Sampling models and vector sums

What happens when you sample columns from a matrix whose columns all have roughly the same norm? It’s clear that you should have some kind of concentration: say if you sample \(\ell\) of \(n\) columns, then the Frobenius norm of the resulting matrix, appropriately scaled, should be a very good approximation of the Frobenius norm of the original matrix. This is easy to show (well, it’s easy to establish a rather weak probability tail bound on the norm) using a vector Bernstein inequality, where the `vectors’ are simply the original matrix with all but one column set to zero. The key step is to change the sampling model from one where you randomly select a subset of cardinality \(\ell\) to a simpler one based on i.i.d. Bernoulli r.v.s where you randomly select a subset with expected cardinality \(\ell\). The change is straightforward because in this case, the support of the vectors don’t overlap, so adding more vectors montonically increases the Frobenius norm.

Harder question: what happens when you sample columns from \(\mat{X}\) and rows from \(\mat{Y}\), once again with appropriate rescaling, to form \(\hat{\mat{X}}\) and \(\hat{\mat{Y}}\)? In particular, what can you say about \(\|\hat{\mat{X}}\hat{\mat{Y}} – \mat{X}\mat{Y}\|_F\)? Again, assuming the Frobenius norms of \(\mat{X}\) and \(\mat{Y}\) are evenly distributed across their columns and rows, respectively, this difference should be small. It’s easy to get a bound on the expectation, but what happens in probability? Here you could again use a vector Bernstein inequality to get a reasonable result (I think), with vectors \(\text{vec}(\mat{X}_i \mat{Y}^i)\), but now the support of the vectors overlap, so it’s not clear if the change of sampling models can be done.

So, the question is: let \(\mathbb{P}_{U(\ell)}\) denote the probability under the model of randomly selecting subsets of cardinality exactly \(\ell\) and \(\mathbb{P}_{B(\ell)}\) denote the probability under the model of randomly selecting subsets of cardinality on average \(\ell\).
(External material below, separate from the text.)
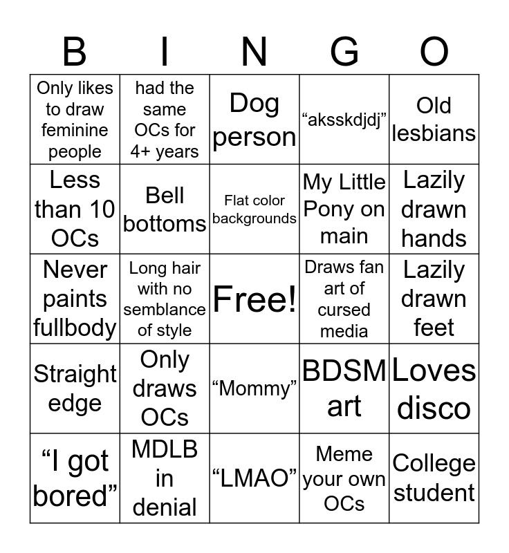 This bingo card has a free space and 24 words: Only draws OCs, MDLB in denial, Flat color backgrounds, “I got bored”, Old lesbians, Only likes to draw feminine people, Less than 10 OCs, had the same OCs for 4+ years, Draws fan art of cursed media, “Mommy”, My Little Pony on main, Never paints fullbody, BDSM art, Loves disco, Bell bottoms, Meme your own OCs, Lazily drawn feet, Dog person, Lazily drawn hands, Long hair with no semblance of style, College student, Straight edge, “aksskdjdj” and “LMAO”.

Is it the case that, for vectors in some vector space,
\[
\mathbb{P}_{U(\ell)}\left( \left\|\sum_{i \in I} v_i \right\| \geq t \right) \leq 2 \mathbb{P}_{B(\ell)}\left( \left\|\sum_{i \in I} v_i \right\| \geq t \right)?
\]
The constant may vary, or there may even be a small additive term on the rhs, and I really only need an answer in the case that the norm is the standard Euclidean norm on \(\R^n\).